Research on weighted vests has shown promising results for osteoporosis prevention. It’s another strength training tool to increase muscle strength which stimulates the development of bone strength.
I’d first get the okay from your doctor or physical therapist about the safety, for you individually, of wearing a weighted vest. If you have health issues or bone loss, work with a physical therapist or other qualified health professional before using a weighted vest or belt to make sure that you can move safely while wearing it.
Tips when wearing a weighted vest:
- Do several months of consistent strength training to get a good base of strength before trying a weighted vest. Be sure to include core exercises. The strength workouts in my 2 DVDs are appropriate for this because they include core exercises for the back and abdominal muscles, as well arm and leg exercises.
- Wear it for only a few minutes at first, gradually increasing the time as tolerated. If you’re experiencing pain anywhere, don’t wear it. If I wear mine too long, it bothers my lower back.
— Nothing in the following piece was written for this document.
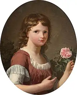 Marie-Victoire Lemoine mainly painted portraits, miniatures, and genre scenes.[3] She was most active in the art community during the late 1780s and the early 1790s.[1] Lemoine set up her first salon in 1774.[4] She took part in numerous Salons,[5] for example, her first solo exhibition was held at Pahin de la Blancherie's Salon de Correspondance in 1779,[4][6] where she exhibited a now untraced portrait of the Princess Lamballe (57 x 45 cm).[7] Five years after the Parisian Salon allowed women to participate, she exhibits there for the first time in 1796.[4] She continued to display her works of art to the public in the salons of 1796, 1798, 1799, 1802, 1804, and 1814. Lemoine was known to sign her paintings with the signature "M. Vic Lemoine."[1]

- Keep excellent, upright posture with shoulders back and down. Stand tall! If it’s too hard to do that, don’t use the vest. When I wear mine, I have to be diligent to not slouch.
- Get a vest with adjustable weights and start very small, with only one weight insert.
- Move slowly. Your center of gravity is higher and your balance will be challenged.
- In general, use a weighted vest only when standing upright, doing weight bearing (on your feet) exercise and not bending over. It could put too much pressure on your muscles and spine, even if you have great posture and hinge back at the hips when you bend down.
The subjects in the weighted vest research studies did not have bone loss or other health issues that could have put them at risk. It could be very unsafe to wear a weighted vest or belt at all if your bones are extremely fragile, if you have kyphosis, rounding of the upper spine, or balance problems, to name a few. Depending on your bone strength, wearing one could put you at risk of a vertebral fracture or fall.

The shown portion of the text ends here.